How can public settlement information be used to estimate exposure for my client?


Economic experts often employ two approaches that use public settlement information to estimate potential exposure for a client. The first approach is a “top-down” approach, which relies on analyst reports or a global settlement, and apportions a share of the total settlement to a single entity (the client). The second approach is a “bottom-up” approach that estimates statistically potential exposure based on the characteristics of prior settlements, specific data and assumptions about the client’s products and sales.

Top-down Approach

The top-down approach involves starting with public settlement information and/or analyst reports as a starting point to estimate the global liability exposure.  The next step is estimating the client-specific sales share and apportioning a share of the global exposure to the client based on the calculated sales share. Using relevant estimates of client sales and sales shares, the economic expert can develop calculations of exposure under different scenarios.  For example, different scenarios may include different estimates of market shares at either the local or global level, different assumptions about geographic or product markets, and assumptions about pass-through if the litigation involves downstream claimants.

Bottom-up Approach

If the number of available public settlements in similar matters is large enough, a bottom-up approach can be used to estimate exposure. In a bottom-up approach, the expert identifies influential factors in prior settlements and uses statistical models to estimate their relationships between those factors and the settlement amount. These relationships can be used for constructing a predictive regression model.  This process can be carried out in two steps:

  1. Build a statistical model: The model takes into consideration prior settlements and judgements to draw correlations between the settlement amounts and factors that could influence the settlement. For example, the statistical model should likely predict that the higher the sales shares, the greater the settlement amount. Regression analysis is often used to model statistical relationships between the settlement amount and various factors such as: sales share, proceeding type, entity size and type, product characteristics, and other factors.
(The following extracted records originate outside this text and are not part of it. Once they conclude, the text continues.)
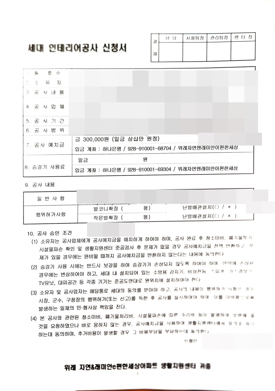 인테리어동의서에 발코니확장, 비내력벽 철거 등의 내용이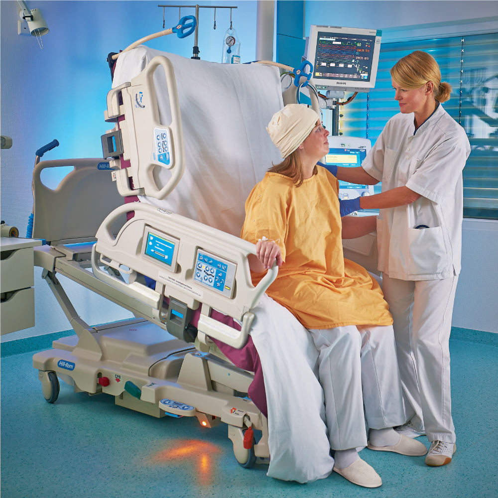 A fin de acompañar a los pacientes en la movilidad temprana, la cama Progressa ofrece opciones de armazón flexible para mover mejor a los pacientes dentro y fuera de la cama, como la opción FullChair®, la salida lateral y las posiciones de salida de la silla.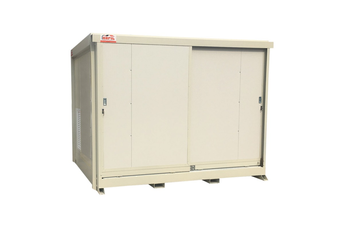 - Movimentazione con carrello elevatore dotato di prolungamento forche e di portata adeguata oppure con gru con aggancio dal basamento (esclusivamente a container vuoto);

Once the statistical model has been built and tested, it can then be used for prediction.
  2. Predict client exposure: The estimated influence of each factor derived from the statistical model is then used to forecast the potential settlement amounts for the client.  The specific factors at issue in a particular litigation will be inputs into the statistical model and the result will be an estimate that is based on the experience associated with prior settlements applied to the client’s specific situation.

Both approaches can be useful for providing clients with estimates of potential exposure from a litigation.  Which approach to apply often depends on the facts and circumstances of the issues facing the client and the data and information available.